The first elimination of the high-stakes finals — broadcast live, in prime time, on ESPN — came early in the first round, when Nikitha Chandran, a 13-year-old eighth-grader from Valrico, Fla., misspelled “pathognomonic” (characteristic of a particular disease).
Ding.
The second round claimed Christal Schermeister, a 13-year-old from Pembroke Pines, Fla., who got a single letter wrong in “doryline” (a migratory tropical ant).
Ding.
Grace Remmer, a home-schooled, violin-playing, 14-year-old from St. Augustine, Fla., spelled three words correctly in the finals (“greffier,” “lefse,” “emmeleia”) before stumbling over “melocoton,” a word, she explained later, she’d only seen once before.
Earlier, the annual bee added an extra element of disappointment to its final day when some of the semifinal survivors were dismissed without having misspelled a single word onstage.
Of the 18 young word nerds who spelled their two words successfully, only 11 advanced in the first year of a new format in which results of computer-based tests were used to determine the finalists. There was no elimination bell for the other seven — they just didn’t hear their names called at the end of the semifinals.

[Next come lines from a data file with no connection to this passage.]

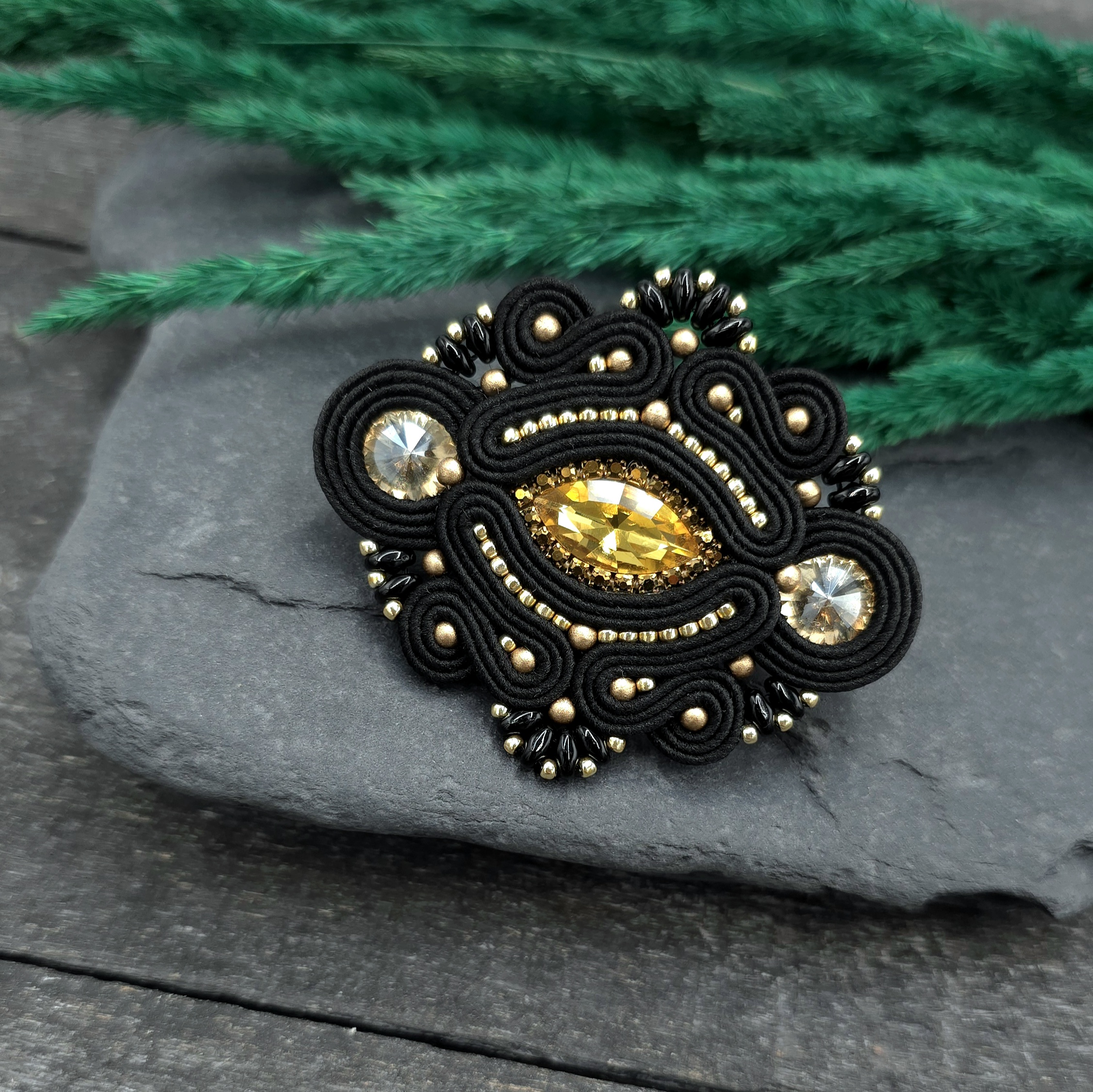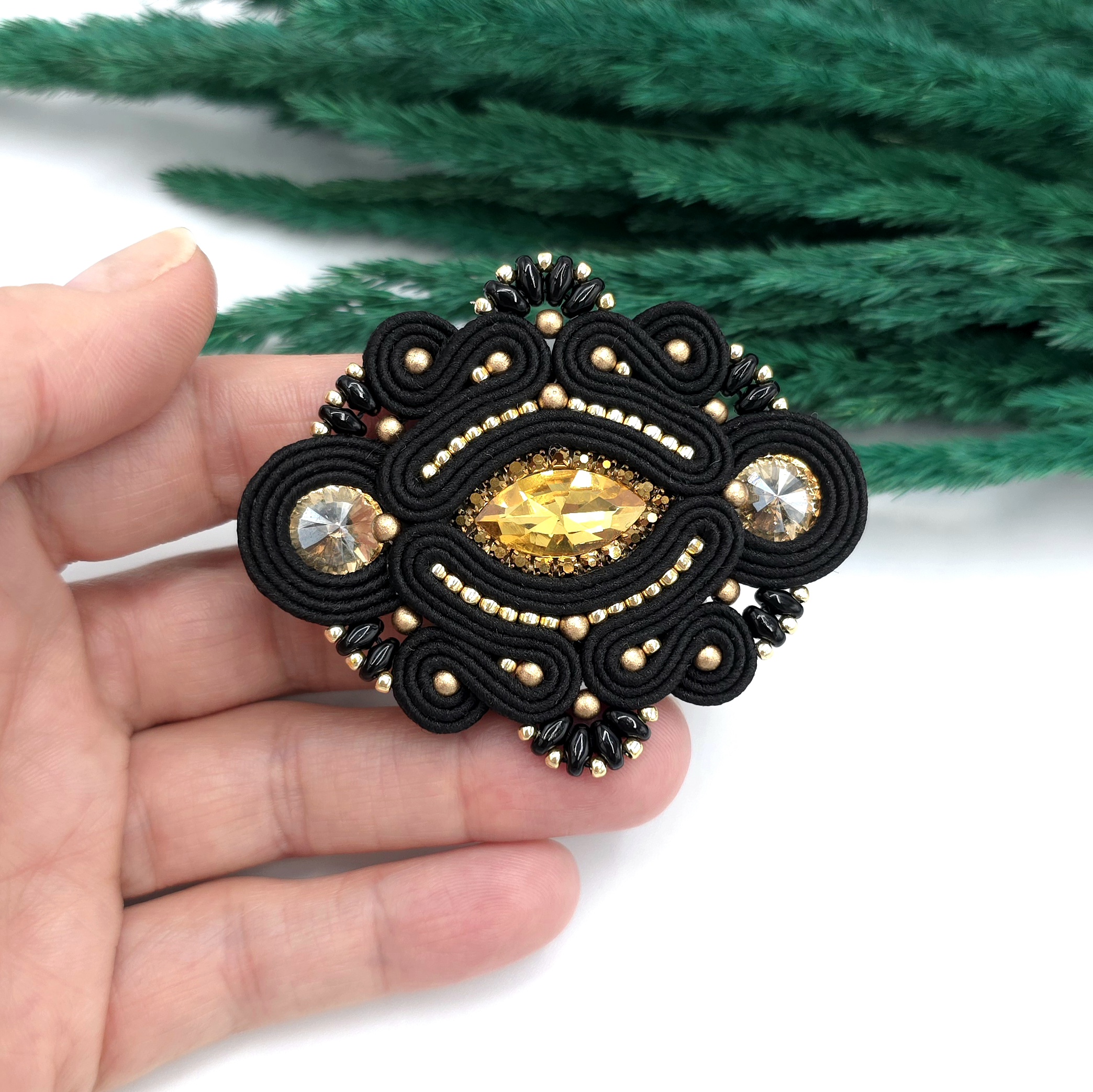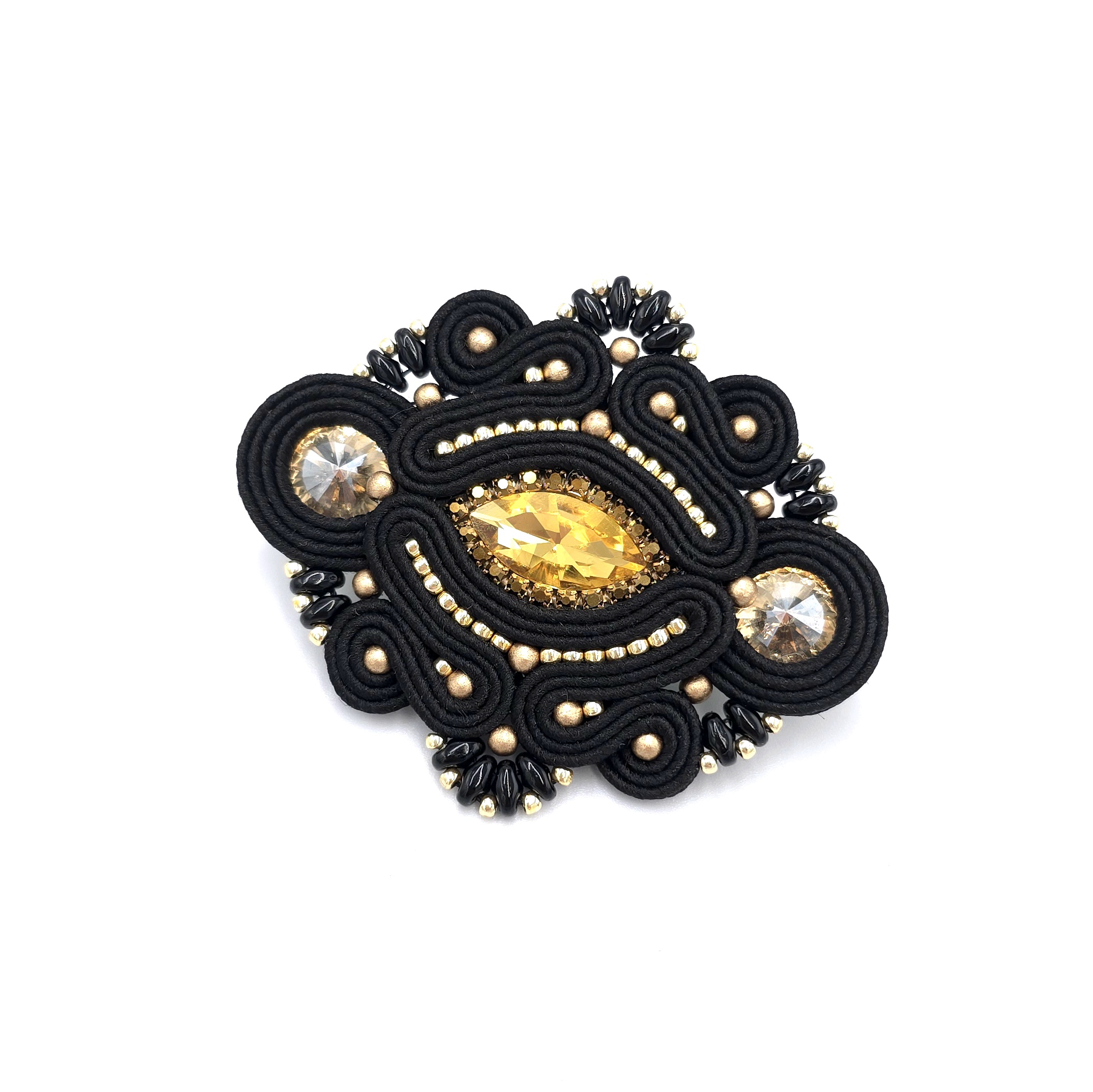 kaboszony szklane kryształki, taśma z cyrkoniami, koraliki Toho, koraliki Round Beads, koraliki SuperDuo, greckie sznurki sutasz, metalowe zapięcie broszki.
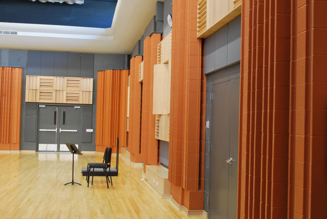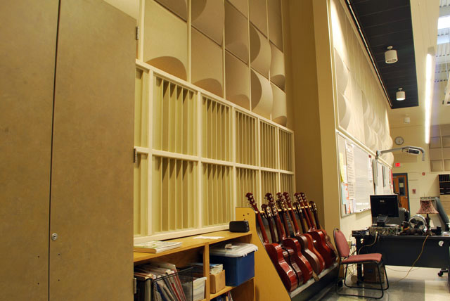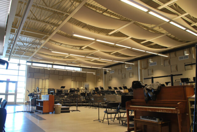 In the design phase of multiple rehearsal spaces for the Phoenix Central School District, the architect wanted a dramatic look along with good acoustical conditions. The budget they had to work with was somewhat tight. We used a combination of off-the-shelf wall products and a custom GRG acoustical canopy for each space. The acoustical canopy allows energy to be distributed back to the musicians while some of it is generated up to an acoustic roof deck above. Walls products include diaphragmatic units that help control low frequencies. A combination of RPG formed fussors as well as kinetics barrel diffusers and absorbers of various thicknesses were used to tune the rooms.
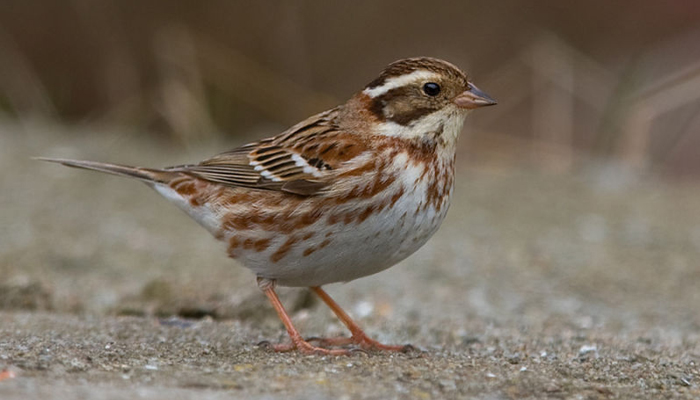 Same size as Reed Bunting. Told by white belly, plain reddish-brown rump,
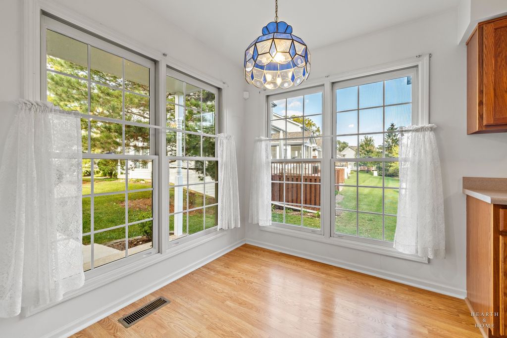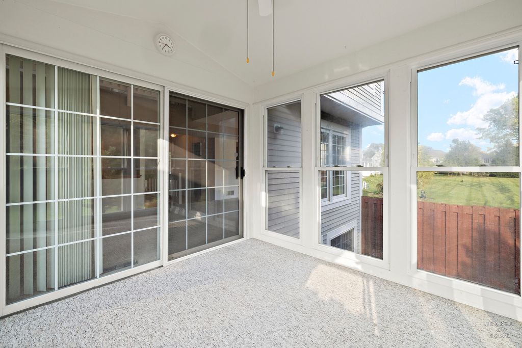 THESE DON'T COME TO MARKET VERY OFTEN, and in fact, it's the first time for this original owner home. Spacious end-unit townhome on a quiet cul-de-sac with gorgeous private views of green space. SUNNY EAT-IN KITCHEN along with dining room that leads to the dramatic vaulted living room space highlighted with a cozy fireplace. Adjacent to the living room is a flex space that could be a family room, den or anything that you want! Sliding glass door leads to a great 3-seasons room that you can enjoy almost year round and stairs from the porch lead down to your own brick paver patio with lovely wooded views. The second floor is highlighted by a flexible loft space for home office|homework nook|hobby hub? Substantial primary suite with walk-in closet, whirlpool tub, and separate shower. The large second bedroom offers an attached bathroom and two closets. Partially finished basement includes a large rec room, bar, and plenty of storage space. Great 2 car attached garage too. IDYLLICALLY LOCATED in central Crystal Lake. Easy to show vacant unit: QUICK CLOSE POSSIBLE!
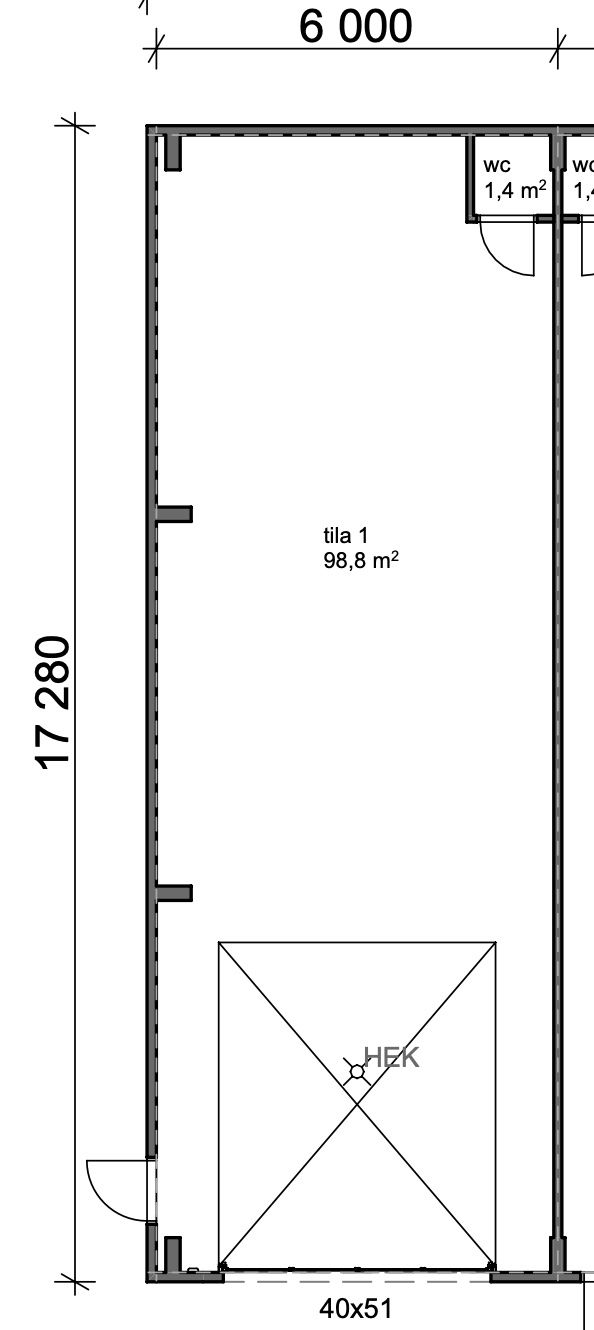 Kaksi erillistä hallitilaa 100 m2 ja 209 m2
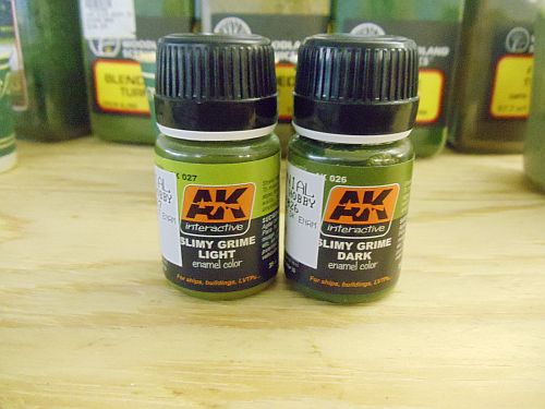 When the piles have dried for a day or so, I'll go over them with AK Interactive Slimy Grime Light and Dark where the water line will be.
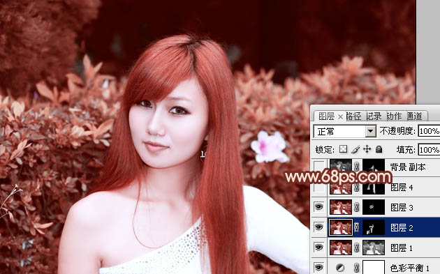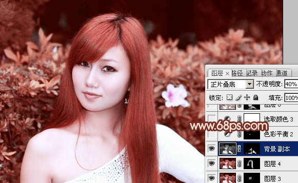 Photoshop给绿植边的美女图片加上纯美的橙红色(6)
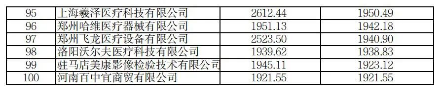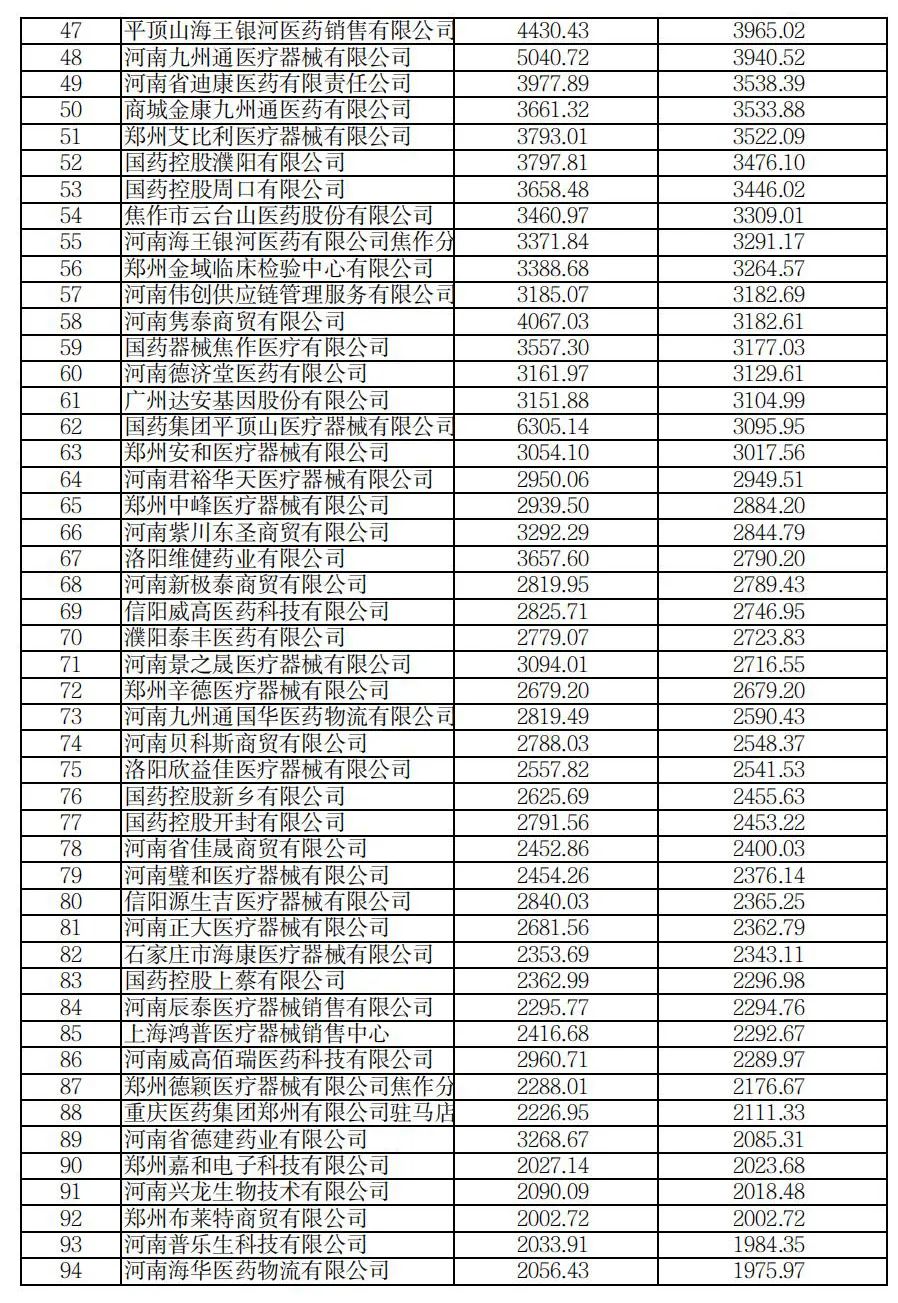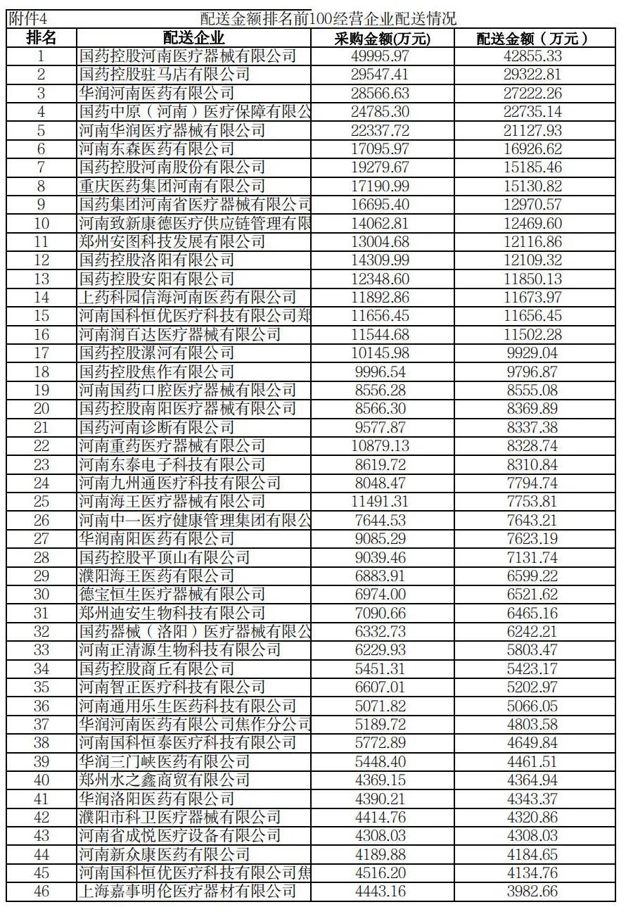 流通领域排名前五的配送商分别是:国药控股河南医疗器械有限公司、国药控股驻马店有限公司、华润河南医药有限公司、国药中原(河南)医疗保障有限公司、河南华润医疗器械有限公司,配送金额分别为4.28亿、2.93亿、2.72亿、2.27亿、2.11亿。

“It’s a little bit disappointing,” said Neha Seshadri, a 12-year-old semifinalist from Imlay City, Mich., who spelled two words correctly — but whose test scores from earlier in the week were lower than those of the other finalists.
“It’s kind of heartbreaking to see for those kids,” said Kavya Shivashankar, the 2009 national champion whose 11-year-old sister, Vanya, finished sixth this year after misspelling “zenaida” five rounds into the finals.
But the father of the winner applauded the new scoring system. “The tests are kind of an equalizer,” Sriniva Mahankali said before his son captured the championship. “There’s no more ‘killer round’ that leads to a bunch of eliminations in the semifinals. The test gives the better spellers an advantage.”
In another twist this year, the tests included multiple-choice vocabulary questions.
The day began with Christopher O’Connor at the microphone.
“You ready?” the bespectacled Bailly asked. “Maybe,” the Tucson, Ariz. 13-year-old said.
Or maybe not: With the two-minute word clock winding down, O’Connor incorrectly spelled “pultaceous,” which means having the consistency of porridge. He spelled it “pultatious” and the dreaded elimination bell rang out — and the tension on the ballroom stage ratcheted up.
More than 11 million students participated in the competition; just 281 made it to the national championship, which is actually an international competition: Spellers at National Harbor came from eight countries, including China, South Korea, Ghana, Jamaica and Canada.
Paige Kimble, executive director of the Scripps National Spelling Bee and the 1981 national champion, hailed the contestants as “brilliant kids with high-reaching goals, truly some of the best of their generation. … You know they’re going to go far in life.”
The winner received $30,000 in cash, a $2,500 savings bond and reference books from Merriam-Webster and Encyclopedia Britannica. The runner-up was paid $12,500.